**WORK TASK**
Lines to return, exactly: from the line with "Let’s Shop Personalized" to the line with "добавить варенье и" in the entries below, both included.

**INPUT DATA**

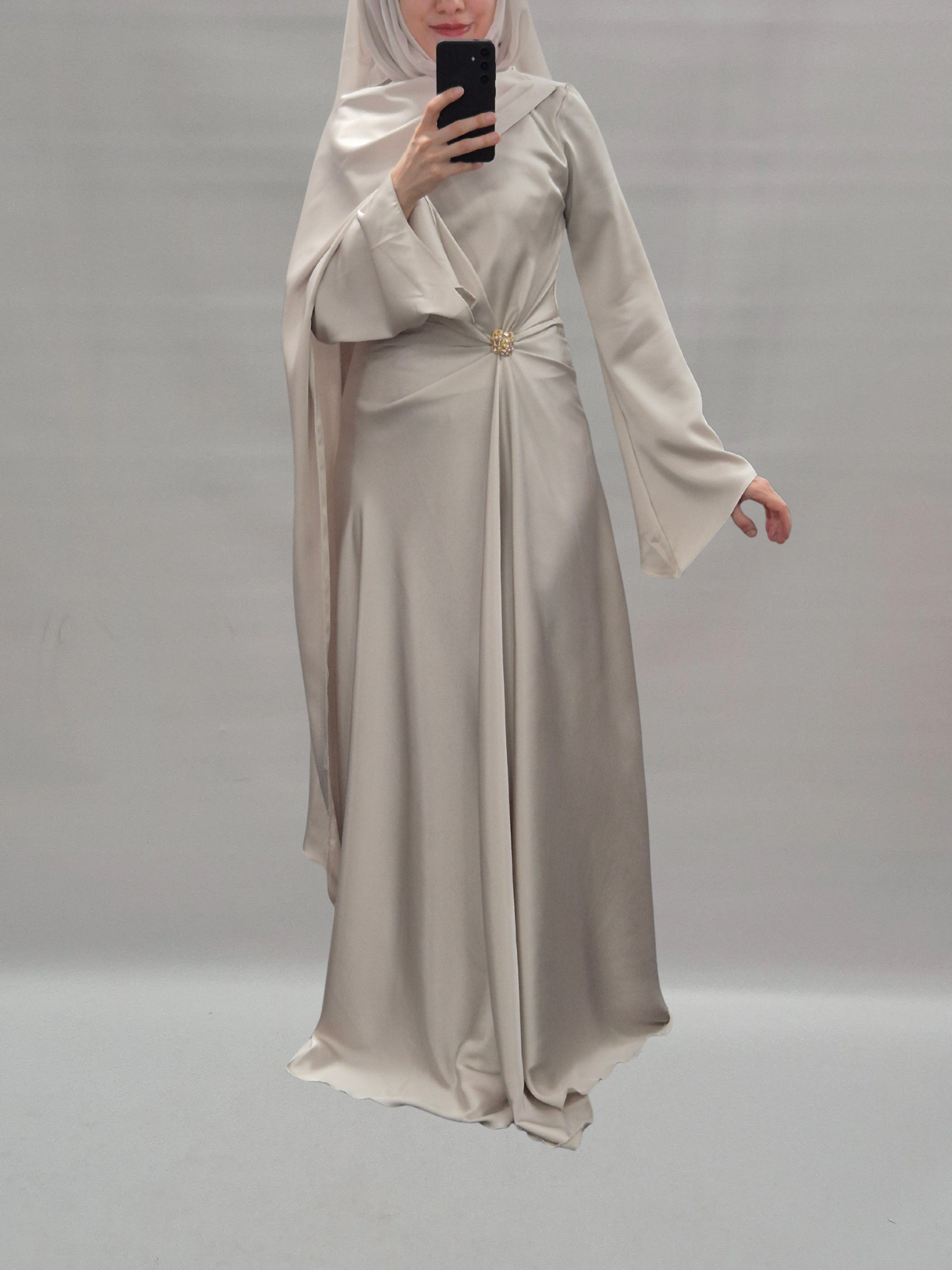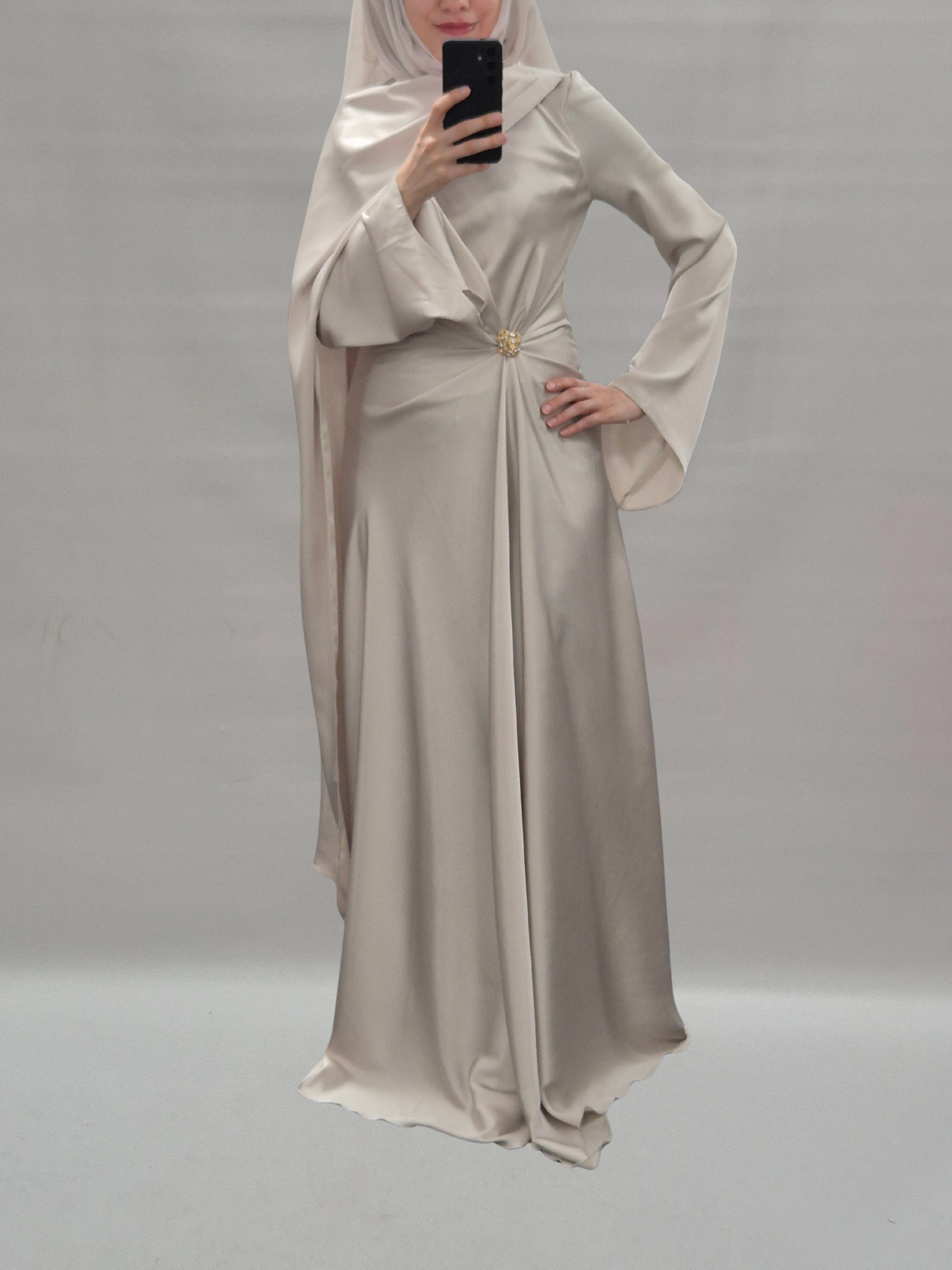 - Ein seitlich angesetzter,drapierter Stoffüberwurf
...
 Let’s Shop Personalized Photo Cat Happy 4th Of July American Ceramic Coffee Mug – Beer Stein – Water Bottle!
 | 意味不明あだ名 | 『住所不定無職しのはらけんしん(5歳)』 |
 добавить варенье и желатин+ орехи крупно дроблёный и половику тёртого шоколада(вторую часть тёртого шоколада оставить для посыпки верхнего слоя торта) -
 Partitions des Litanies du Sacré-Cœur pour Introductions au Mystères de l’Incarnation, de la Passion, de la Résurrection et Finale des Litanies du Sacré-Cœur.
...
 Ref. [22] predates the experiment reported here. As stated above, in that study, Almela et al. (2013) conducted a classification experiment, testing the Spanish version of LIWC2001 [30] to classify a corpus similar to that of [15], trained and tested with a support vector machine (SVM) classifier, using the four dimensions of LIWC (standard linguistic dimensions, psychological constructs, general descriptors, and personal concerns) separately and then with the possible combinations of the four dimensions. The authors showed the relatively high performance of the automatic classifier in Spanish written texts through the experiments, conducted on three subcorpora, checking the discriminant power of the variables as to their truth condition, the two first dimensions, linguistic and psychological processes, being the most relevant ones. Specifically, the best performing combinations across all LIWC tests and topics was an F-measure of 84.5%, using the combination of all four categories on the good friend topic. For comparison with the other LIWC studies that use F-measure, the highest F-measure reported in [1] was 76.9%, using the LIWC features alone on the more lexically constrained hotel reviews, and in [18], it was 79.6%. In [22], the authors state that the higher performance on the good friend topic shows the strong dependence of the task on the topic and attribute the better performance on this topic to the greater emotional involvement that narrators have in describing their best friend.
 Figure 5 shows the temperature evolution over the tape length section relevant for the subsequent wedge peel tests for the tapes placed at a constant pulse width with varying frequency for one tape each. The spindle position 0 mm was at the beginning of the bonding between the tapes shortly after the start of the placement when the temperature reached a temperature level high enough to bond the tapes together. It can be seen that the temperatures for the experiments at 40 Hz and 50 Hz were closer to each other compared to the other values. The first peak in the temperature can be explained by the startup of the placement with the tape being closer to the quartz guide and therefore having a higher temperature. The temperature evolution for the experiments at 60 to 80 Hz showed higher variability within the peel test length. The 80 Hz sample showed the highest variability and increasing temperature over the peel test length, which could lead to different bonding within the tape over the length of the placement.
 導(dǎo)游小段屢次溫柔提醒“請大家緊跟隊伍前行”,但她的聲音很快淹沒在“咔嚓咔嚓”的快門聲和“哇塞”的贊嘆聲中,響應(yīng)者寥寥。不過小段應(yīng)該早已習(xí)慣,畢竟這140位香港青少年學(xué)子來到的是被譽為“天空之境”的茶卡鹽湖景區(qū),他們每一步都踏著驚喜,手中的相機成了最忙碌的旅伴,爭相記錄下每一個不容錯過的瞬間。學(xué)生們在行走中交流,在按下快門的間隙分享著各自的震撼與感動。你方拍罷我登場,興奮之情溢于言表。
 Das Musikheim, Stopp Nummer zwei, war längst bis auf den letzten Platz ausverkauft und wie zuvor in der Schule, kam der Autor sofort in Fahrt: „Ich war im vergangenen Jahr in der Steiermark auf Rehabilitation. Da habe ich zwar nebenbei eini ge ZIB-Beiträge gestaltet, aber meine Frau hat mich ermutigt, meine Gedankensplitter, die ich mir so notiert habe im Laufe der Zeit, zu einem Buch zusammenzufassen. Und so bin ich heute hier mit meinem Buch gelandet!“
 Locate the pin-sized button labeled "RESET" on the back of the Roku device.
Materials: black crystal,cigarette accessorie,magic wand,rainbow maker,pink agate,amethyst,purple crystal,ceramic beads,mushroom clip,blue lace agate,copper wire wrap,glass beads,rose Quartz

**OUTPUT**
 Let’s Shop Personalized Photo Cat Happy 4th Of July American Ceramic Coffee Mug – Beer Stein – Water Bottle!
 | 意味不明あだ名 | 『住所不定無職しのはらけんしん(5歳)』 |
 добавить варенье и желатин+ орехи крупно дроблёный и половику тёртого шоколада(вторую часть тёртого шоколада оставить для посыпки верхнего слоя торта) -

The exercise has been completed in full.